Thursday, December 12, 2013

Cruising Up the River....

Sunday morning,  December 1, 2013, finds me sitting on the Rhine River on the MS Concerto sailing up the river on my way to Basel, Switzerland.  This has been a trip three years in the making.  In the summer of 2010 I was part of a group of three couples who travelled to Germany to go to the Passion Play in Obergamerau.  After seeing the play four of us sailed on the Danube from Nurenburg to Budapest, and we fell in love with river cruising.  We then and there decided that we would all be together to sail on a Christmas Market cruise as soon as the last teacher in the group retired.  This finally happened this year, and in early January we began our preparation for this trip.

Amsterdam from the water

The cast of characters has changed.  I am now single again after the death of my spouse, and we picked up another traveller who also was left suddenly single with the death of his wife. The good thing for us is that he is a retired German teacher who spent many years teaching English to German children, and is able to assist in bargaining at the markets.

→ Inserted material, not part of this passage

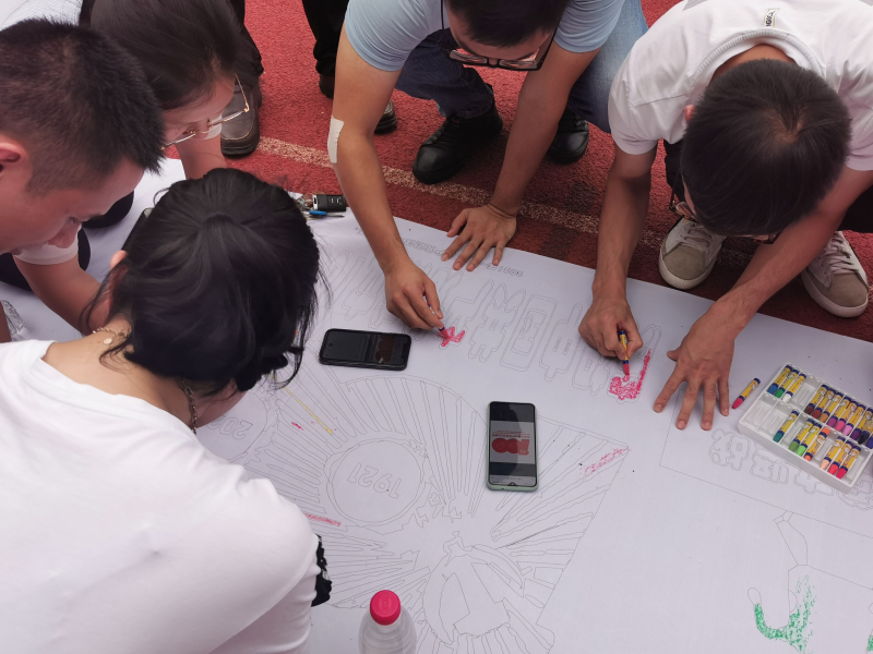 活动伊始,参与本次团日活动同学们在田径场跑道上的百米画卷前挥笔成画。一笔一画皆是历史精彩瞬间,画出的是中国百年光辉历程,同学们在绘画中,回顾建党百年历程。随后,全体同学共同举起百米画卷,齐唱歌曲《没有共产党就没有新中国》。在同学们激昂嘹亮的歌声中,可以感受到同学们对建党百年的激动与自豪。学生代表表示通过本次团日活动,明白了一百年的非凡奋斗历程中,离不开一代又一代中国共产党人顽强拼搏、不懈奋斗,而我们需要发扬前辈们的奋斗精神。最后,黄薇薇老师宣布本次百米画卷共绘活动到此圆满结束,并感谢各位同学的参与。

We arrived last Monday morning in Amsterdam and spend time there visiting various museums like the VanGogh and the Dutch Resistance Museum, and of course, taking a canal cruise.  We got to see lots and lots...actually hundreds, of bicycles and riders wheeling their way around town.They seem to do  much better than NYC cyclists, mainly because they ALL understand and FOLLOW the rules of the road for cyclists.



Remembrance Monument Njmegen


 
On Wednesday we boarded the ship and on Thursday morning arrived in Njmegen where we went to the National Resistance Museum  that told the story of the Dutch and their liberation by the Canadians and Americans during the end time of World War II. This museum has volunteer guides whose families had connections to the war and told personal recollections of events during that time.
 
Cologne Cathedral
Friday we were in Cologne, the place that held the largest Cathedral  for over a hundred years.  It is an impressive structure, to say the least. We had our first gluhwein here and hoped to have more as we sail up the river to Switzerland.